● **Given data**
☆ ☆ ☆
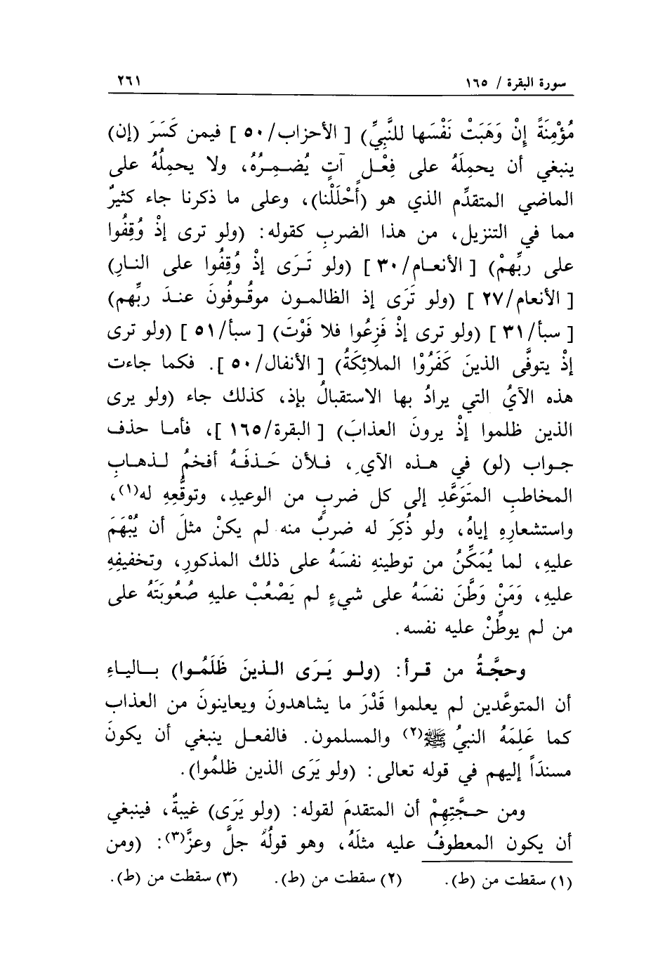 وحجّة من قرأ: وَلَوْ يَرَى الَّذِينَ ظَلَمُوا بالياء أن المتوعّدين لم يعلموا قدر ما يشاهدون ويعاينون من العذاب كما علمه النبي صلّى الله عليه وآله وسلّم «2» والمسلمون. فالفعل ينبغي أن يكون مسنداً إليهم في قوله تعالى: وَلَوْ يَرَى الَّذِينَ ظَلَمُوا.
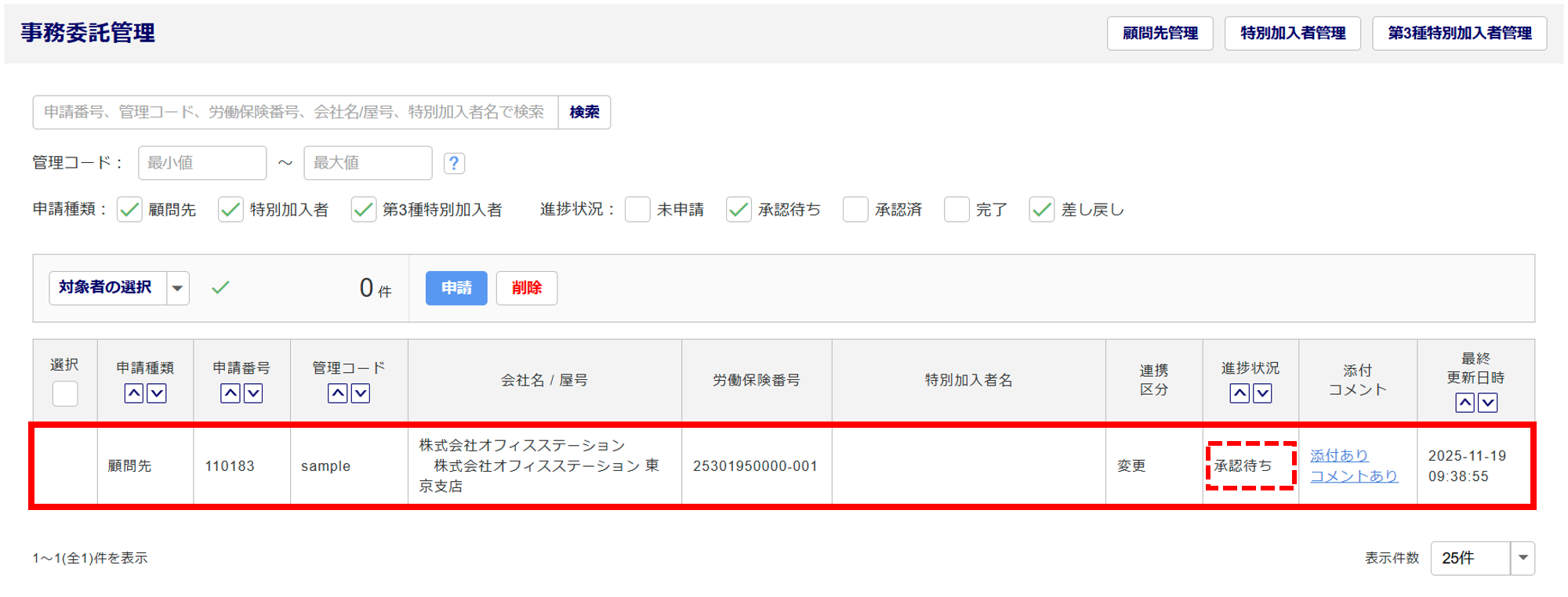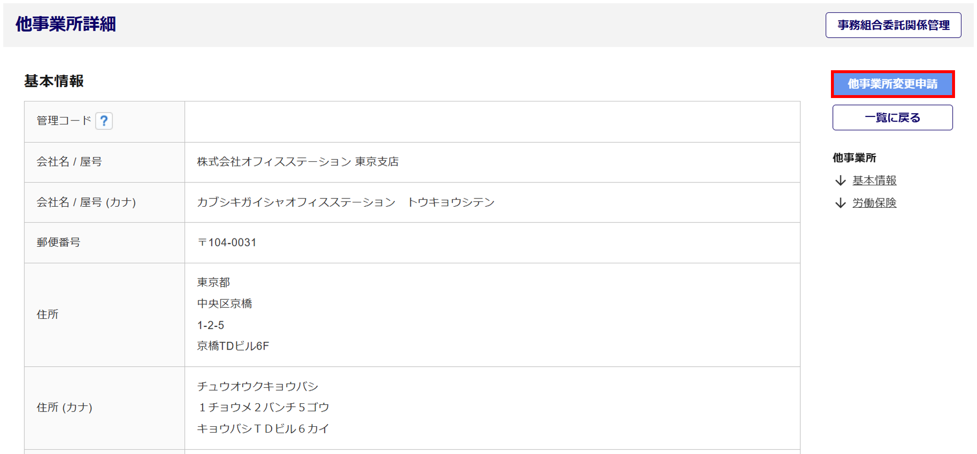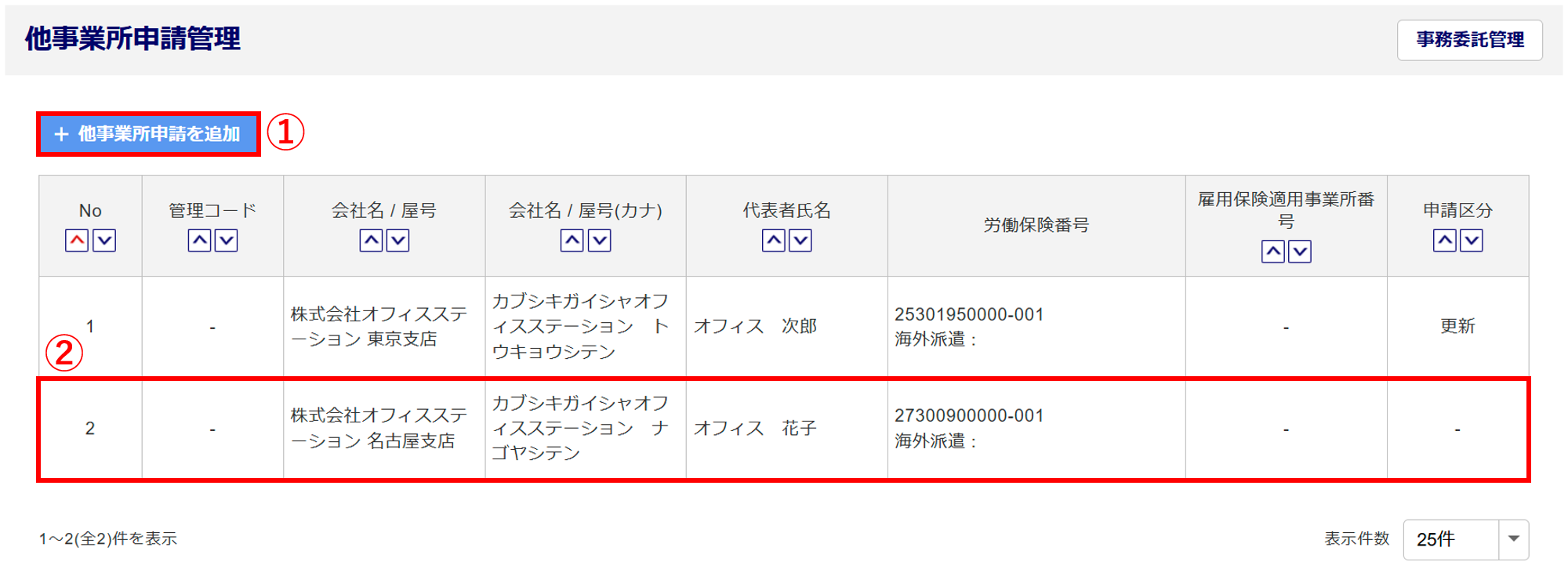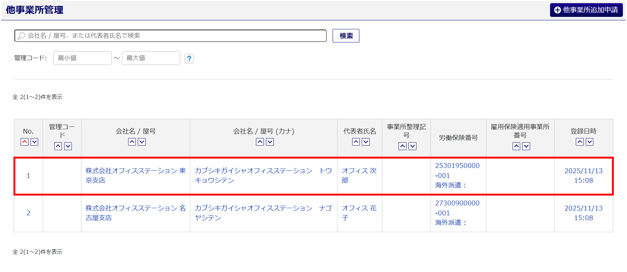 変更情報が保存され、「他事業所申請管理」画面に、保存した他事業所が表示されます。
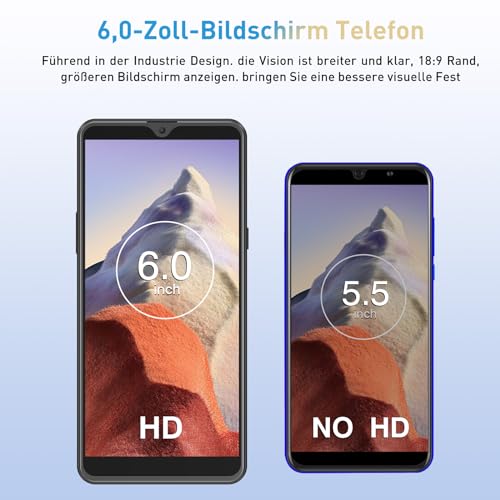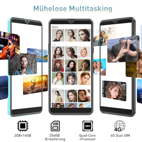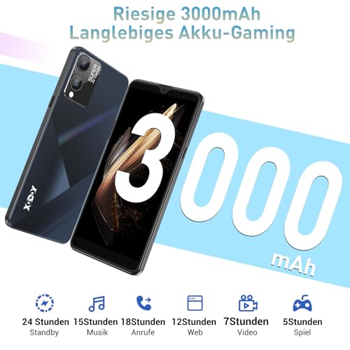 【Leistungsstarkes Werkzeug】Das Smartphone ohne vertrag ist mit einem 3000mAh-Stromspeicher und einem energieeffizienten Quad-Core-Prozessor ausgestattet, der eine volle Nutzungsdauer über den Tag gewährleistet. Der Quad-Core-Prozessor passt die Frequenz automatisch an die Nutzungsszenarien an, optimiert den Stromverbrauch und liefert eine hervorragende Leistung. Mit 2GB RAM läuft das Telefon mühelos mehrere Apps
☆ ☆ ☆
● **Task item**
Word for word, output the lines from the beginning of the listing through the line holding "変更情報が保存され、「他事業" and nothing beyond them. Omit the pictures.

● **The completed task**
 وحجّة من قرأ: وَلَوْ يَرَى الَّذِينَ ظَلَمُوا بالياء أن المتوعّدين لم يعلموا قدر ما يشاهدون ويعاينون من العذاب كما علمه النبي صلّى الله عليه وآله وسلّم «2» والمسلمون. فالفعل ينبغي أن يكون مسنداً إليهم في قوله تعالى: وَلَوْ يَرَى الَّذِينَ ظَلَمُوا.
 変更情報が保存され、「他事業所申請管理」画面に、保存した他事業所が表示されます。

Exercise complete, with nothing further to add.